Thursday, February 17th, 2011

Black History Month: Will the baby be black?

Today’s guest post is by Bonnie Klein–wife, mother, grandmother, and adoption advocate with Hope Takes Root.

“To everything there is a season, a time for every purpose….” Ecclesiastes 3:1

In three months, another school year comes to an end. This year is different. After twenty-eight years of educating at home, the home school season is finished. I have been heard to laugh and say, “I am retiring with only eternal benefits!” But this is not true. Our great God, the ultimate designer, used this season not only to educate our children, but to educate me.

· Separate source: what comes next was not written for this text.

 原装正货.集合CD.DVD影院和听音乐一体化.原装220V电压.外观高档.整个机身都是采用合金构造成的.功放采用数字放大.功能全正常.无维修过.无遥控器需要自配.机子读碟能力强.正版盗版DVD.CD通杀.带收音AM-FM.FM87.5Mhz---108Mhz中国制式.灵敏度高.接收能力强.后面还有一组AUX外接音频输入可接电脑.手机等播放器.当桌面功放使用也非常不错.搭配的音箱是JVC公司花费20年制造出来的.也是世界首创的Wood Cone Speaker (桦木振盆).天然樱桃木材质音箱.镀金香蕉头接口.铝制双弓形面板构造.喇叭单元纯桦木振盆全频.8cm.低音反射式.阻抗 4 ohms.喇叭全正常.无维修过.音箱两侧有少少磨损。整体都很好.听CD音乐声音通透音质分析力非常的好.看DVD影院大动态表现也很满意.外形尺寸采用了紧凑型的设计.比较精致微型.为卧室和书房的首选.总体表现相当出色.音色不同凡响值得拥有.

While other schools closed in recognition of Dr. King’s birthday, we would enjoy studying his life. We would have our own “Black History Day.” Repeating this year after year educated us and changed the way we thought.

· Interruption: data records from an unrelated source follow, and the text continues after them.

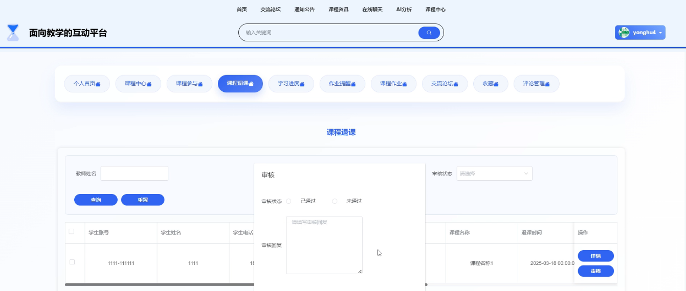- 课程退课管理:为管理员提供了处理学生退课请求的工具,包括删除和查询退课记录,以及审核退课请求。这有助于维护课程的完整性和学生的满意度。
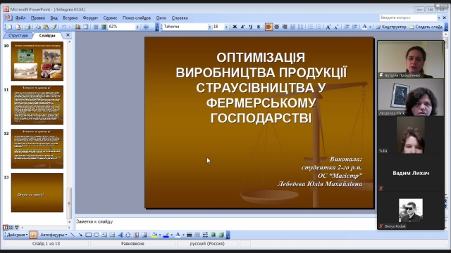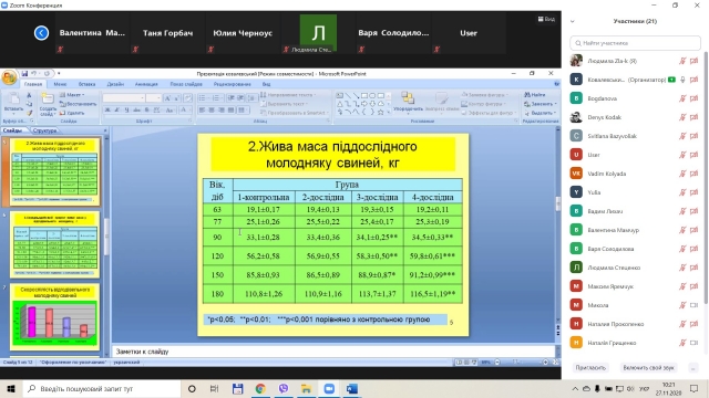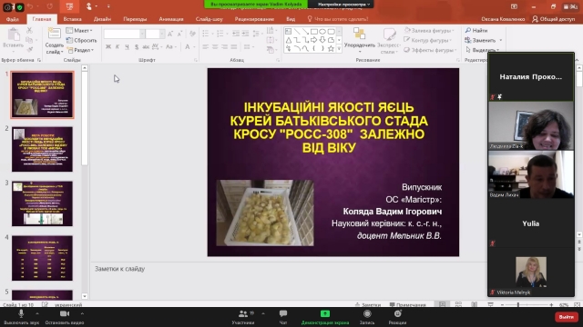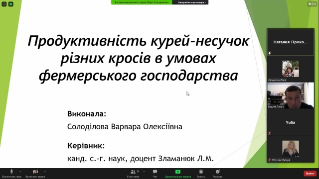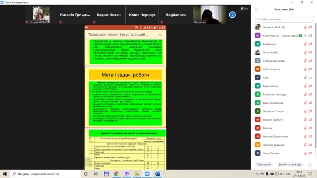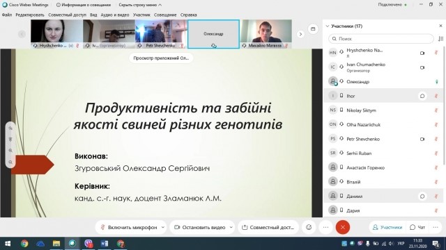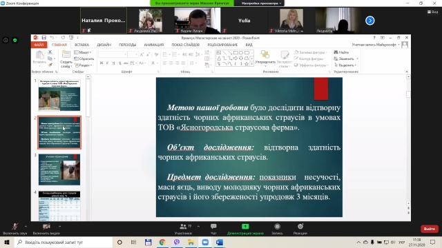 На кафедрі технологій у птахівництві, свинарстві та вівчарстві 27.11.2020 року відбувся попередній захист випускних робіт за магістерськими програмами ‟Технологічний менеджмент у свинарстві” та ‟Сучасні технології промислового птахівництва”. Результати своїх досліджень доповіли 17 магістрів.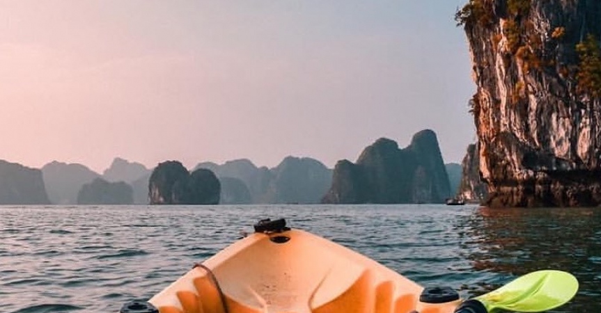 13:30 Ở Vịnh Bái Tử Long bạn có thể đi thuyền nan, chèo Kayak hay bơi ở khu vực hồ Ba Hầm nơi có vách đá dốc đứng (nếu thời tiết thuận lợi).

The 1960s community I was raised in prided itself on being an “all-white” city. This fact was in a brochure promoting the city! My father feared for our safety as the Watts riots were less than an hour away, and I remember sleeping in the den away from the front of the house.

My exposure to other races was indeed limited. Studying Dr. King helped to unravel hidden prejudices. These were things I didn’t even know existed. Somehow this is mysteriously connected to the incredible fact that I am now privileged to be “Grammie” to a beautiful, spunky, black granddaughter.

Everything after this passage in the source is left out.